- **ASSIGNED TASK**
Print the lines below from the line with "Each doll is" to the line with "Modal Men's Rulose" exactly, keeping both ends, and print no pictures.

- **SUPPLIED RECORDS**
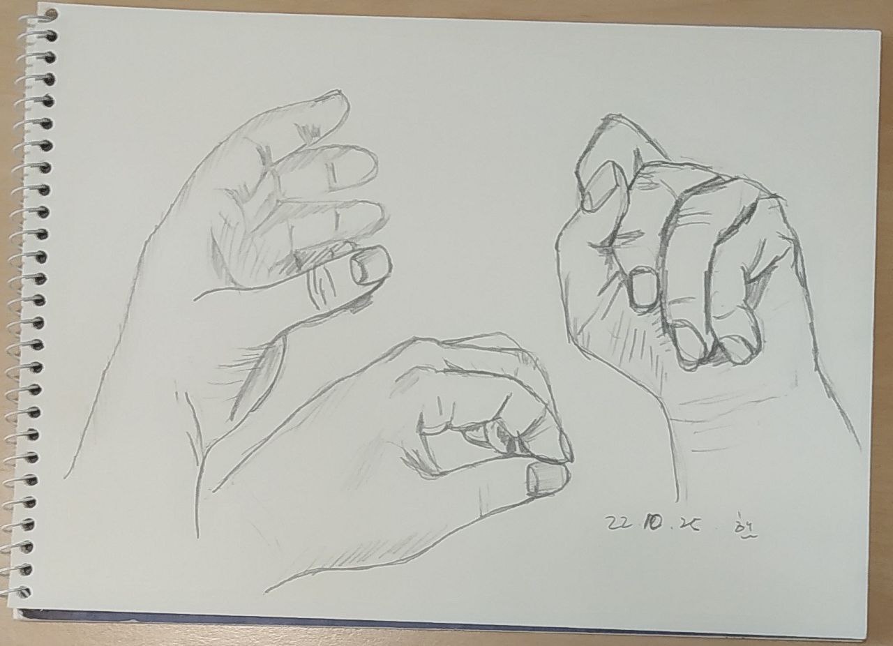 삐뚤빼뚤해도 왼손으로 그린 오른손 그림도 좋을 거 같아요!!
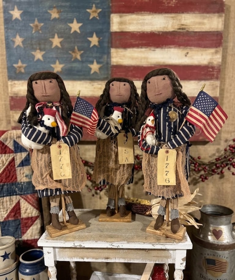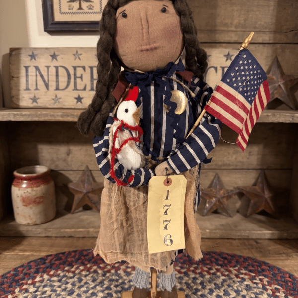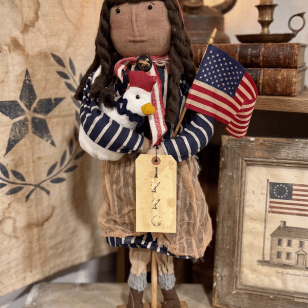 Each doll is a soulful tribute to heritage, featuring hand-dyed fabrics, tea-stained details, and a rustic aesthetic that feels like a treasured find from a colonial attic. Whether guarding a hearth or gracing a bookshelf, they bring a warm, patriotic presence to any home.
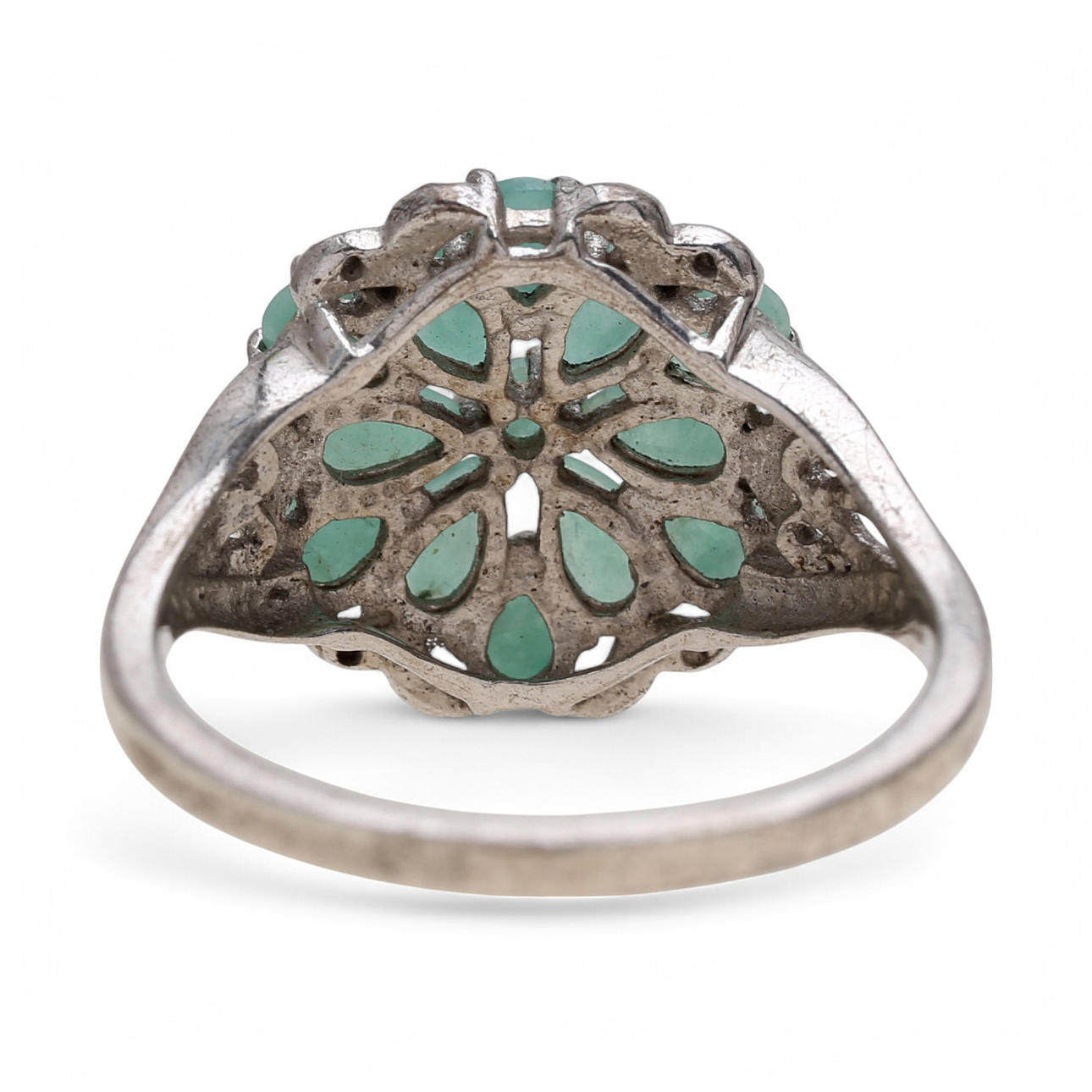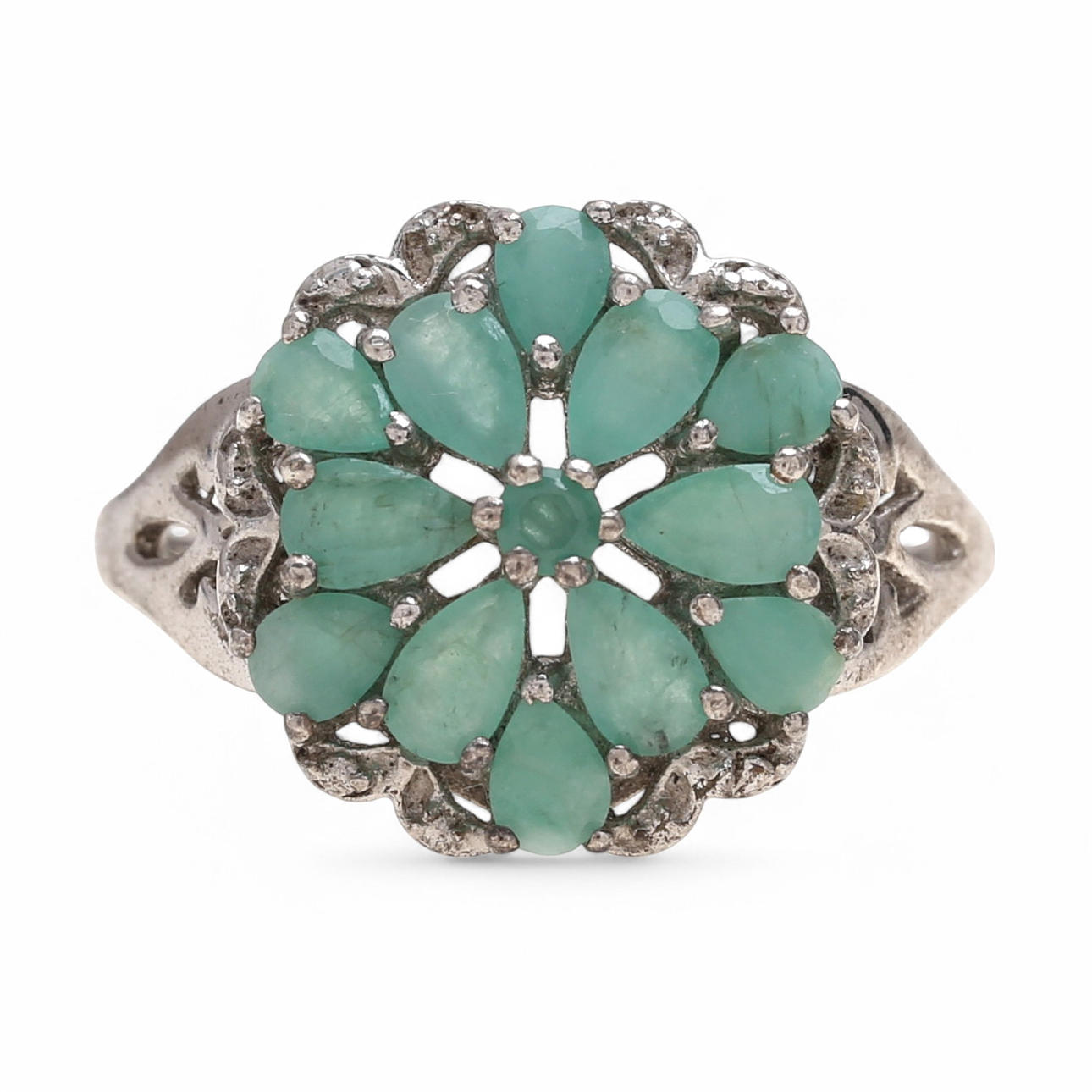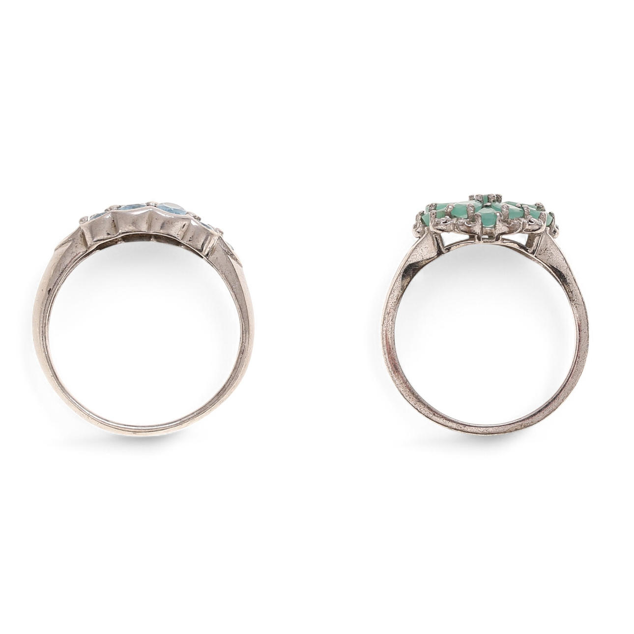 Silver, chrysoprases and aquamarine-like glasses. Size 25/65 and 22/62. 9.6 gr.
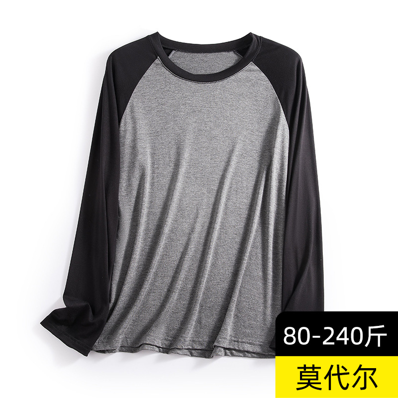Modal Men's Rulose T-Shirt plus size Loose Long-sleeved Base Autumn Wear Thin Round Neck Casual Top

==

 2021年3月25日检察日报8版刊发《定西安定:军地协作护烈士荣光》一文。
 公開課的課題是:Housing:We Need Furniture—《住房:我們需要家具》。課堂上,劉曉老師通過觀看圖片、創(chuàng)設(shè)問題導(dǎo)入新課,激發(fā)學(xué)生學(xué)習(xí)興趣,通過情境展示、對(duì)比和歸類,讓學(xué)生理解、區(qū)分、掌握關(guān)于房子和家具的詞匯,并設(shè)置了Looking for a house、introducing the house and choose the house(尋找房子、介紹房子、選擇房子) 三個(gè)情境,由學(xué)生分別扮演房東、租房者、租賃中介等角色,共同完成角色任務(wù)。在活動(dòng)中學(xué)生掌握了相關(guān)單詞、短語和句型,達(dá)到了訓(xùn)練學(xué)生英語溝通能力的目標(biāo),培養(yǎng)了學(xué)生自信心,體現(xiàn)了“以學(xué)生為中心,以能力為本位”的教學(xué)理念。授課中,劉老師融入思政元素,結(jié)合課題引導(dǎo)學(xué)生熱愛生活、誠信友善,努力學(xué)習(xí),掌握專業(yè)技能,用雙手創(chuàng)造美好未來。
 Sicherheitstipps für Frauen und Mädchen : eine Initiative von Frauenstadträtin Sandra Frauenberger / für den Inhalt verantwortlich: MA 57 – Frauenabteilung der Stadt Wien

- **ANSWER**
 Each doll is a soulful tribute to heritage, featuring hand-dyed fabrics, tea-stained details, and a rustic aesthetic that feels like a treasured find from a colonial attic. Whether guarding a hearth or gracing a bookshelf, they bring a warm, patriotic presence to any home.
 Silver, chrysoprases and aquamarine-like glasses. Size 25/65 and 22/62. 9.6 gr.
Modal Men's Rulose T-Shirt plus size Loose Long-sleeved Base Autumn Wear Thin Round Neck Casual Top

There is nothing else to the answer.